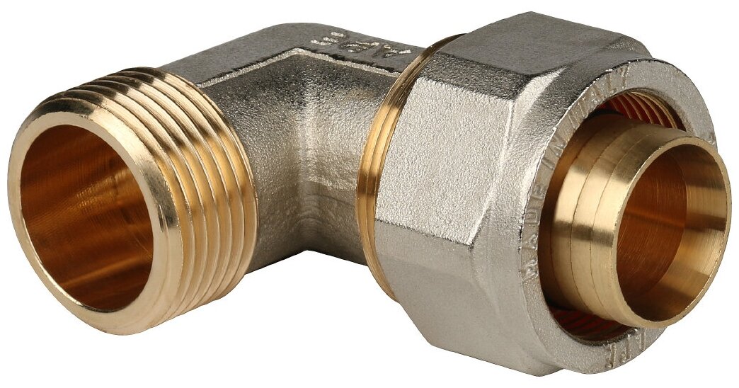 Type: elbow 90°, connection type: crimp - thread, connection: male, thread diameter: 1, pipe diameter: 32 mm, material: brass, split, with union nut, with seal, combined
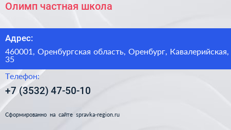 Олимп, частная школа по адресу 460001, Оренбургская область, Оренбург, Кавалерийская, 35 в дальнейшем Организация, размещена в следующих категориях:
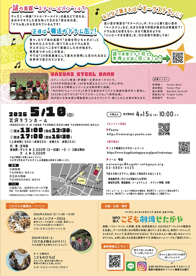 - 北沢タウンホール こども劇場せたがや「ワイワイ スティールパンコンサート」開催
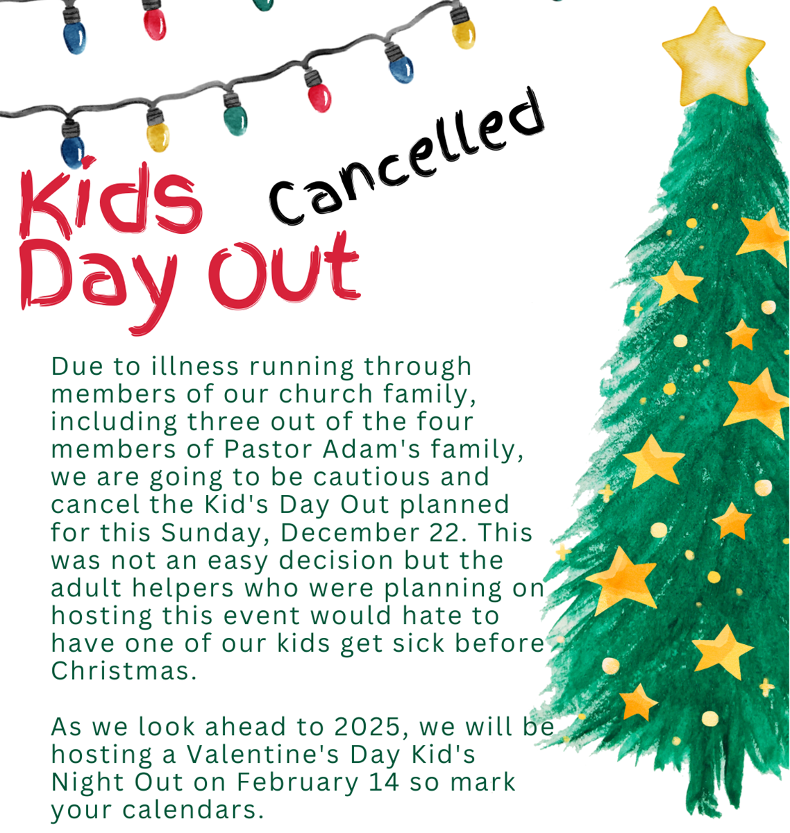 Due to illness running through members of our church family we will cancel this event to do our best to preserve the health of our children as Christmas is near. We will have an event on Valentines night. Stay tuned.

*INSTRUCTIONS TO FOLLOW*
Write every line above again exactly, but leave the pictures out.

*SOLUTION TO THIS EXERCISE*
 Type: elbow 90°, connection type: crimp - thread, connection: male, thread diameter: 1, pipe diameter: 32 mm, material: brass, split, with union nut, with seal, combined
 Олимп, частная школа по адресу 460001, Оренбургская область, Оренбург, Кавалерийская, 35 в дальнейшем Организация, размещена в следующих категориях:
 - 北沢タウンホール こども劇場せたがや「ワイワイ スティールパンコンサート」開催
 Due to illness running through members of our church family we will cancel this event to do our best to preserve the health of our children as Christmas is near. We will have an event on Valentines night. Stay tuned.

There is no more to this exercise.